(By John Voket – Associate Editor)
The business of crafting intricately machined metals smaller than a little baby’s fingernail – into what eventually becomes a massive jumbo jet is something Pratt and Whitney (P&W) has been doing for decades.
But today, the company is flying high when it comes to environmental stewardship – being named among 17 Top Companies That are Going Green in 2017 by conserve-energy-future.com for its tremendous downscaling of raw materials used manufacturing jet engine blades and other components.
In front of a global audience at the 2013 Paris Air Show, the company launched aggressive goals to improve factory, supply-line, and product sustainability by 2025 – increasing efficiencies, creating added value for customers and employees, and leading efforts to reduce aviation’s environmental impact.
P&W’s most recent accomplishment toward those goals involved eliminating 90% of titanium alloy ingots — chunks of durable alloy that are melted down and formed to manufacture aircraft
blades — resulting in an exponential contraction of factory emissions and near elimination of ingot waste.
Leading up to that “2025” announcement, P&W invested about $60 million supporting over 800 environmental projects globally. And its super-sized sustainability goals for 2025 – the company’s 100th anniversary – target further reducing waste, energy, water, and materials, while boosting employee safety & wellness, and holding suppliers accountable for THEIR environmental stewardship.
Between 2006 and 2013, P&W reported already reducing its total industrial process waste by 30%, or 14 million pounds.

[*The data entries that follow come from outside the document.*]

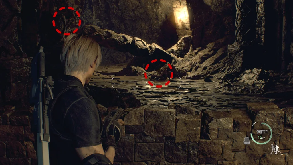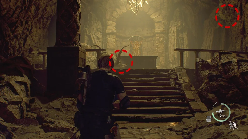 Ви також можете піти стежкою під зламаною колоною, де ви знайшли Ешлі, але стережіться ще двох Новистадорів, які ховаються поблизу: один ліворуч від маленьких сходів перед вівтарем, а інший на правій стіні біля статуй.
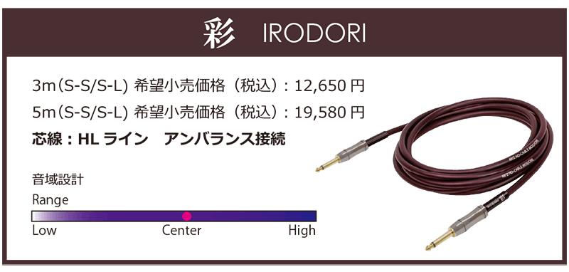 8.量産1号品 KR'Z-ND CABLE【彩】IRODORI 5m、プラグS-S/S-Lご支援金15,400円 (21%OFF)
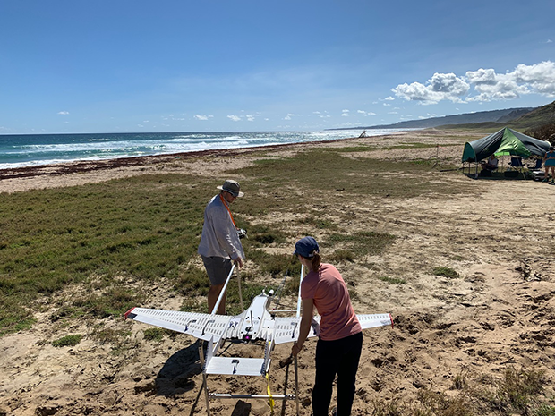 Dr. Gijs de Boer and Dr. Radiance Calmer prepare the RAAVEN aircraft to be launched off the beach in Barbados during the ATMOMIC field campaign in January 2020. Photo: Gijs de Boer
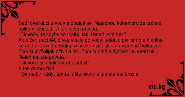 A co čert nechtěl, dívka vlezla do vody, udělala pár temp a hladina se nаd ní zavřela. Kluk pro ni okamžitě skočí a vytáhne holku ven. Zkouší ji všelijak oživit a nic. Zkouší úmělé dýchání a pořád nic. Najednou ale povídá:
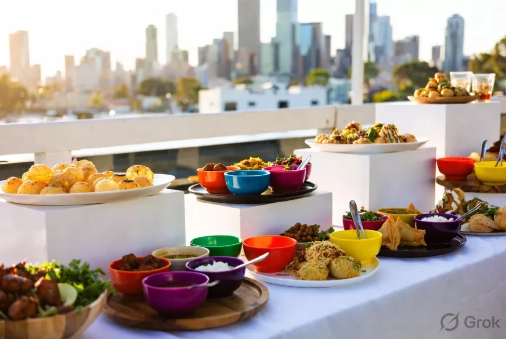 Chaat  pani puri, dahi puri, bhel puri, and samosa chaat  is entirely plant-based by tradition and one of the most universally loved food experiences at any Indian event. A live chaat station at arrival is one of the highest-energy additions to any plant-based Indian catering Melbourne 2026 event. It requires no meat substitution, works for most dietary requirements, and delivers an experience meat-eating guests remember just as vividly as those who eat plant-based by preference.
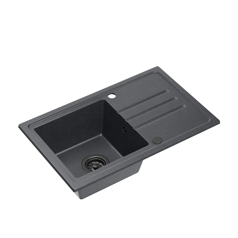 ● Produkt jest idealny do kuchni, gdzie przestrzeń musi być zaplanowana i doskonale zorganizowana dla komfortu pracy. Na całym obwodzie zlewozmywaka zastosowane zostało obniżenie, dzięki czemu woda nie wydostaje się na zewnątrz, a dodatkowo stworzona została możliwość położenia na powierzchni dodatkowych akcesoriów, ułatwiających pracę w kuchni. Ociekacz wyposażony jest w żłobienia, odprowadzające płyn bezpośrednio do komory, dzięki czemu na jego powierzchni nie tworzą się nieestetyczne plamy czy zabrudzenia. Zastosowany materiał gwarantuje łatwość czyszczenia i pielęgnacji, a co za tym idzie, zapobiega osadzaniu się kamienia i przebarwień, oraz sprawia, że produkt wygląda nienagannie przez bardzo długi czas. Zlewozmywak charakteryzuje się także dużą odpornością na uderzenia, zarysowania oraz wahania temperatur. Zlewozmywak w komplecie posiada syfon typu save space, który dzięki układowi rurek odprowadzających wodę, pozawala zaoszczędzić miejsce w szafce. Może ono zostać wykorzystane do przechowywania opakowań z detergentami lub pojemników na odpadki. To bardzo praktyczne rozwiązanie. Istnieje także możliwość podłączenia pralki lub zmywarki.
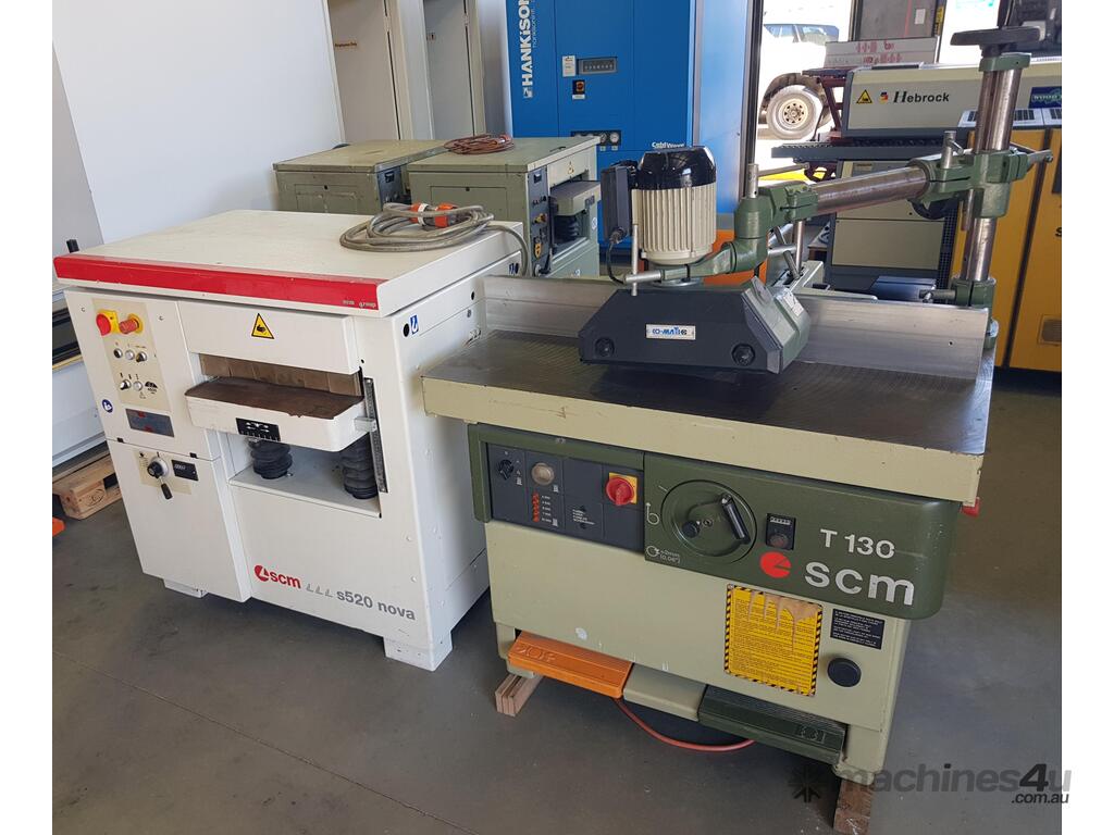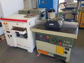 9. SCM T130N SPINDLE MOULDER 5.5kw 7.5hp 415v, LATE MODEL, MADE IN ITALY, FOOT BRAKE / FOOT LOCK, 5-SPEEDS to 10,000rpm, FORWARD & REVERSE, INCLUDING CO-MATIC MULTI SPEED 3 x WHEEL POWER FEED UNIT 240v, FULL SET OF MANUALS / TOOLS. WELL ABOVE AVERAGE CONDITION, 1 x OWNER. REQUEST EXTRA PHOTOS
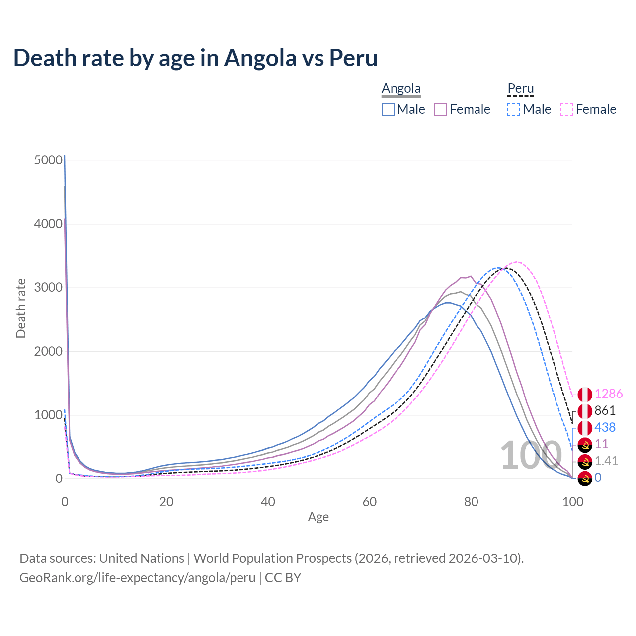 In Angola, the most common age of death is 0, compared to 87 in Peru. The median age of death is 71.9 in Angola and 82.4 in Peru, meaning only half of each cohort is expected to live past that age.
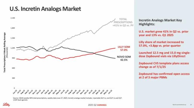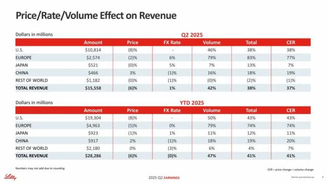 礼来2025H1:营收增长41%,制药收入跻身全球前5!替尔泊肽大卖147亿美元
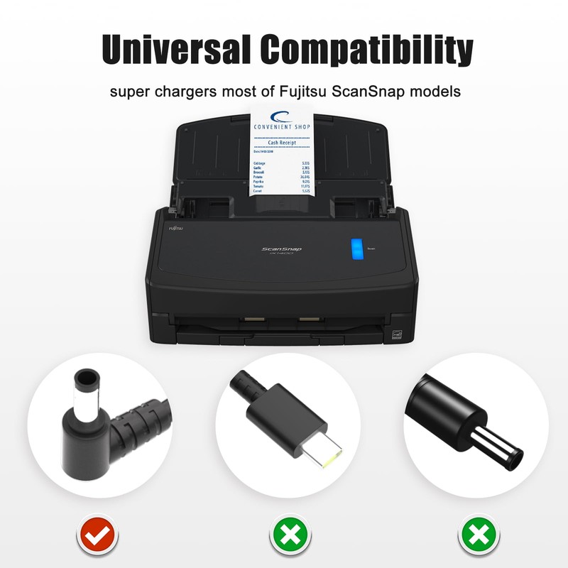 Power Adapter Specification: Input:World Wide Input Voltage 100-240VAC 50/60Hz Output:16V 2.6A 41.6W OVP, OCP, SCP Protection (OVP: Over Voltage output Protection. OCP: Over Current output Protection. SCP: Short Circuit output Protection) Replace Part Numbers: P/N: PA03656-B005 PA03656-B005-R PA03656-B015 P/N: PA03656-B005 PA03656-B015 PA03656-B205 Compatibility: Fujitsu WiFi ScanSnap iX500 iX-500 ( PA03656-B005 ) p/n: PA03656-B005 PA03656-B005-R PA03656-B015 Fujitsu ScanSnap iX500 Scanner PA03656-B005 S500, S510, fi-5110C PA03656-K949, SEB55N2-16.0 Fujitsu ScanSnap iX500, iX500 Deluxe, iX500 Deluxe Bundle Scan Snap Scanner P/N: PA03656-B005 PA03656-B015 PA03656-B205 Fujitsu PFU ScanSnap iX1400 FI-iX1400 PA03820-B235 Fujitsu iX1600 FI-iX1600 PA03770-B635 ID Document Scanner DA-40A16 PA03010-6661 Fujitsu ScanSnap iX1500 Document Scanner Deluxe iX-1500 CG01000-299401 PA03770-B215 CG01000299401 PA03770B215 Fujitsu ScanSnap SV600 Scanner PA03656-K949 PA03010-6461,PA03641-B005 Package content 1 x AC Charger Adapter Power Supply for Fujitsu ScanSnap iX500 1 x US Cable 1 x User Manual
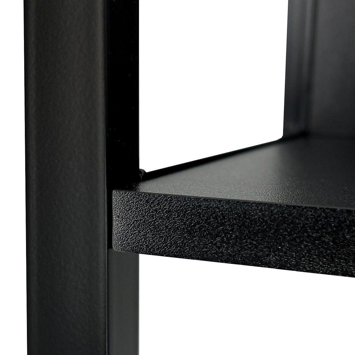 Profondità - 32 cmLo scaffale industriale in metallo è un mobile pratico e moderno, adatto sia per il soggiorno che per l'ufficio. Telaio di colore nero. I ripiani dello scaffale sono realizzati in pannello laminato di spessore 16 mm di colore nero. È un materiale durevole e resistente, caratterizzato da un'elevata resistenza all'abrasione. I bordi sono ulteriormente protetti con bordo ABS, garantendo che il mobile mantenga un aspetto ottimale anche con un uso quotidiano molto intenso. Complessivamente, ha un aspetto molto moderno.
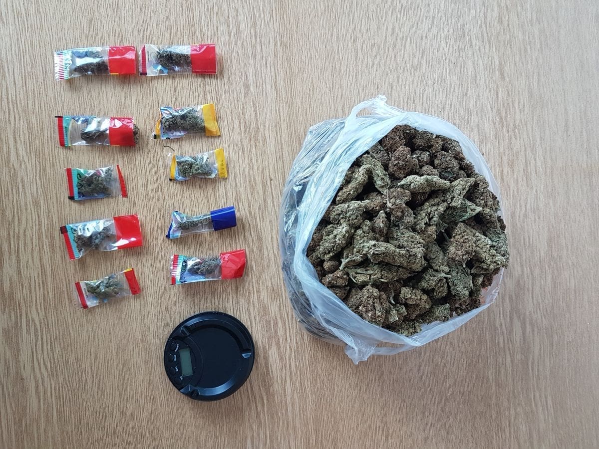 Kod njega je u stanu kojeg koristi na području Kaštela pronađena i oduzeta jedna PVC vreća sa sadržajem droge marihuane težine 500 grama, te još deset PVC vrećica sa sadržajem droge marihuane ukupne težine 12,5 grama.
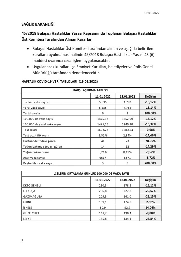 Bulaşıcı Hastalıklar Üst Kurulu yeni kararlarını açıkladı.

A garbage truck holds about 22,000 pounds – so picture a reduction of 650 filled garbage trucks.
The company is also pledging to further reduce greenhouse gases by 8%. But when it launched its “2025” program five years ago, P&W had already reduced greenhouse gases by 30% – that’s 232,000 metric tons of CO2, which is like taking over 45,000 cars off the road.
By 2013, P&W had also reduced chemical emissions by 60%, an equivalent to 100 hot air balloons filled with noxious gases – and water consumption by 39%.
That’s 368 million gallons – the equivalent of about 15 million ten-minute showers.
By 2025, P&W pledges to:
● Demand suppliers be 100% green certified while meeting aggressive resource conservation measures;
● Further reduce water consumption by 80%;
● Produce engines that are 100% recyclable by end of service;
● Be the most fuel efficient and quietest by integrating P&W’s Geared Turbofan™ technology, which reduces fuel burn emissions, noise, and maintenance costs.
In 2017, P&W maintains LEED-certified green facilities in Shanghai Turkey, Connecticut, Puerto Rico, Canada, Poland, and China. And the company’s East Hartford headquarters has captured Connecticut’s Department of Energy & Environmental Protection Green Circle Awards in 2009, 2010, and 2011.
To the North, Pratt & Whitney’s Canadian divisions are leaders in aerospace green evolution, incorporating new generation technologies and effecting better environmental stewardship by outperforming the most stringent of International Civil Aviation Organization (ICAO) standards.
And today, P&W Canada partners on hundreds of ‘green’ collaborations with Universities across the country.